OBAMA’S WAR AGAINST SMALL BUSINESS
While Obama maintains a quid-pro-quo relationship with certain corporate cronies, his agenda has been devastating for small businesses, the primary drivers of job creation and economic growth. Small businesses create 70 percent of new jobs in America, but Obama has targeted them across the board, making many small business owners, as well as business and political analysts, wonder whether he’s doing so on purpose or through an ideologically based learning disability.

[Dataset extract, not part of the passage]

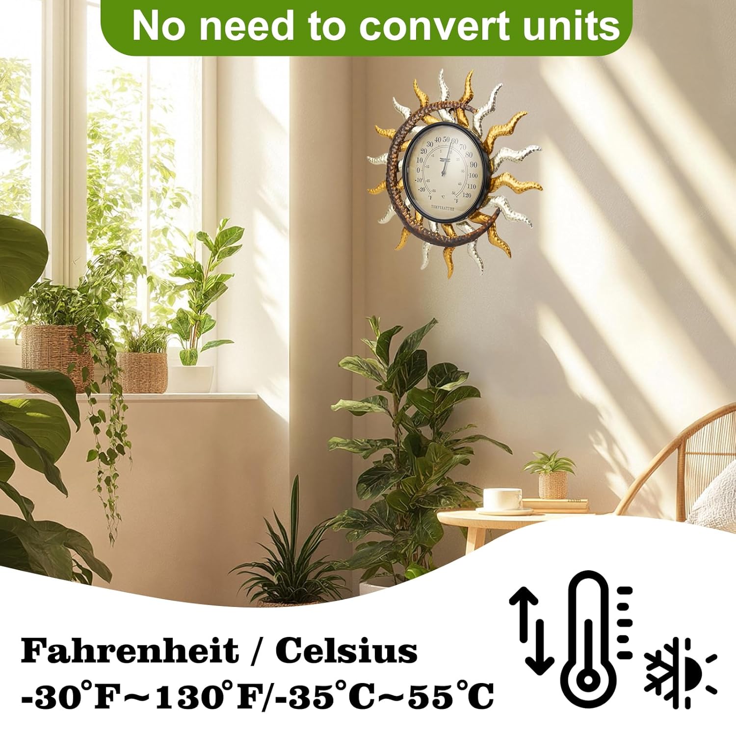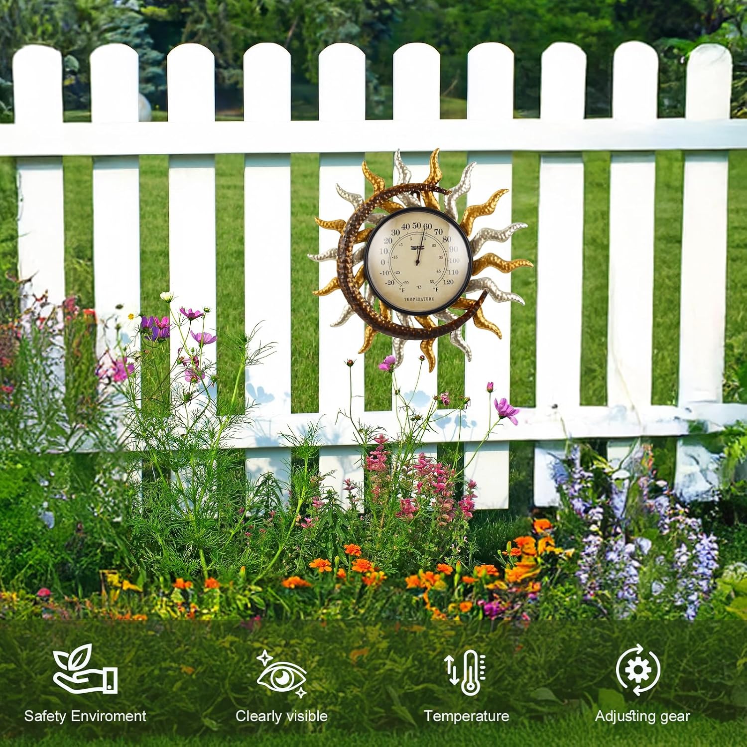 13” Solar&Moon Out of doors Thermometer Wall-Mounted Thermometer Indoor Gold and Silver Decor Temperature Gauges for Backyard Patio Greenhouse Window Balcony Room Storage Plant Nurseries

For example, Obama wants to remove the cap on FICA taxes, which would amount to an enormous tax increase on, among others, small business owners, and which would destroy many of those businesses and the jobs they provide. Obama forced through ObamaCare, which will increase taxes and other small business burdens. His financial regulation bill would make it much more difficult for small business owners to raise capital without jumping through government hoops. And finally, Obama has accommodated a climate that encourages employees to sue small businesses and others under various pretexts, just as he has steadfastly resisted even modest efforts at tort reform. All these factors and others are making it increasingly difficult for the entrepreneurial risk takers to create and expand businesses and increase employment.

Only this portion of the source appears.